April Fool’s next week and still no one has asked me to be their fool.

I hate it when my body decides to get sick. I gave you a vegetable last week, how dare you.

I’ve been dieting for a little over a week and I already gained three pounds.

It’s legally required that you lose a frisbee onto the roof within one week of purchase.

Until further notice the days of the week are now called thisday, thatday, otherday, someday, yesterday, today and nextday!

All billionaires must submit a list of five things they did for society in the last week or their wealth shall be confiscated.

The week between Christmas and New Year’s should be studied as it is clearly a wormhole, disturbing time and space.

It sure is strange that after Tuesday the rest of the week spells WTF.

Sorry, I can’t hang out tomorrow. I hung out with people a week ago and I’m still recovering from that.

Having Christmas off in the middle of the work week and then forcing us to go back to work the next day feels so illegal.

It sucks when you realize it’s only Thursday, until you realize it’s Wednesday.

I don’t wanna be dramatic but the work week continuously restarting is literally ruining my life.

Super excited about a brand new week of hanging on by a thread.

Valentine’s Day this week. If you have a crush on me we still have time to get cards and shave.

You have one week to ask me to be your Valentine. Requests must be in the form of poetic verse written in your blood.

Adulthood is saying “but after this week things will slow down a bit” over and over until you die.

Not only is it not Friday, but it’s not even Thursday.

We should all start texting each other like old time explorers. ‘Dearest friend, I have survived another week.

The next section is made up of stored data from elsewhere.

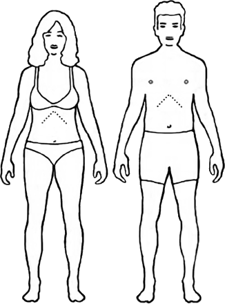Для выполнения этого теста разденьтесь по пояс, подойдите к зеркалу, ладонные поверхности больших пальцев прижмите к реберным дугам, а концы пальцев уприте в тот угол, где реберные дуги соединяются в области мечевидного отростка грудины. У нормостеников этот угол равен 90 градусам (угол прямой), у астеников – меньше 90 градусов (угол острый), у гиперстеников – больше 90 градусов (угол тупой).
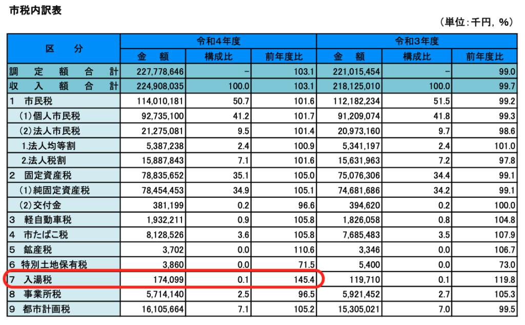 税収全体の2,200億円に占める割合は小さいですが、入湯客144万人に対して1回70円や150円を地道に積み上げた結果の1億7,400万円と考えると、貴重な税収ですね。
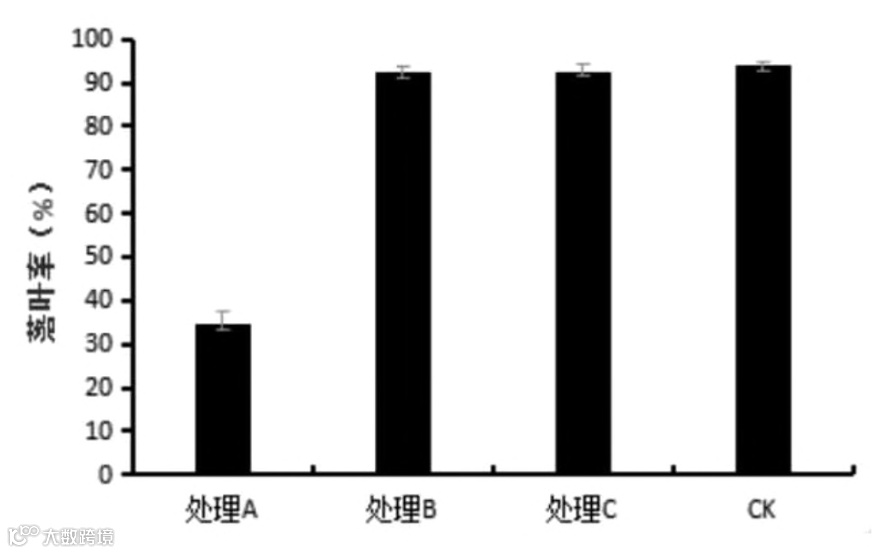 由图2明,随着最终气温稳定回升,各处理莲雾叶片的落叶率由高到低依次为CK>处理C>处理B>处理A。处理A落叶率最低,为34.43%,显著低于其他处理,其次为处理B和处理C,落叶率分别为92.34%、92.46%,两者差异不显著;CK落叶率最高为93.78%。整个冬季不同覆盖下莲雾落叶情况说明树冠覆盖有明显减轻低温寒害的作用(图2)。

The horrors persist.’

It’s Monday again and I’m about to make it everyone’s problem.

“Are you okay?” No, it’s literally Monday every 15 minutes.

I accidentally take a screenshot of my phone background at least once a week.

I was so excited thinking tomorrow was Friday only to find out it is definitely not Friday.

This whole week could have been an email.

Me, one week before the new year: Not to brag, but I have enough money to live comfortably for the rest of the year.

One week of daily crunches and I have abs…urdly underestimated how long it will take to see results.